Zimbabwe’s President Robert Mugabe has a tendency to use funeral speeches to attack some target or other, typically The West. There is even a name for this. Type in a Google search for “Mugabe funeral rant” and you’ll be amazed with what you find – for example, the Sabina Mugabe rant (“‘To hell’ with Europe and America) and the Joseph Msika rant ([The West] are not the people to deal with).
Yesterday, he gave the Menard Muzariri rant. According to AFP:
Zimbabwe President Robert Mugabe on Thursday condemned gay “filth” in Europe, as he lambasted Western powers for maintaining their asset freeze and travel ban on him and his inner circle. “We don’t worry ourselves about the goings-on in Europe,” he told thousands at the burial of deputy intelligence chief Menard Muzariri, who died Monday. “About the unnatural things happening there, where they turn man-to-man and woman-to-woman. We say, well, it’s their country. If they want to call their country British Gaydom, it’s up to them. That’s not our culture. We condemn that filth.”
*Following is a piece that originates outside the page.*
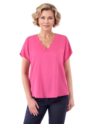 Amarantowa bluzka damska z dekoltem w serek 38420

I haven’t heard about the upcoming referendum to change the name of the United Kingdom to British Gaydom, but clearly when you’re in the diplomatic circles you have more inside information on these sorts of things.
Read the Gays and Lesbians of Zimbabwe (GALZ) statement about the Muzariri rant:
Statement on President Robert Mugabe’s threats at the burial of Menard Muzariri
Statements by President Robert Mugabe castigating gays and lesbians at the burial of Menard Muzariri at the National Heroes Acre on Thursday 14 April are nothing new and only serve to reinforce our call for constitutional protection of Lesbian, Gay, Bisexual, Transgendered and Intersex people that has been met with state sponsored homophobia of alarming levels.
It is time for the Zimbabwean government to reflect seriously on its thinking around human rights including those of its lesbian and gay citizens and Government should be implementing measures which proactively encourage a culture of meaningful human rights protection in this country.
Statements by the President are a contradiction of article VII of the Global Political agreement in which the President pledges to promote equality, national healing, cohesion and unity. The President should strive to “create an environment of tolerance and respect among Zimbabweans and that all citizens are treated with dignity and decency.”
Activists in Zimbabwe are not puppets of foreign forces, as government would have everyone believe: we want a responsible government that is responsive to the needs of all Zimbabweans and we are fighting for our own good and for our own benefit as citizens of Zimbabwe.
The President needs to provide leadership in overcoming Zimbabwe’s challenges in areas such as violence, unemployment, education and health rather than fostering antipathy and intolerance.
Tuesday, April 19th 2011 at 2:27 pm
I call them the “graveside’ diatribe! Maybe someone needs to write a book on these funeral narratives going back to the critical year of 2000!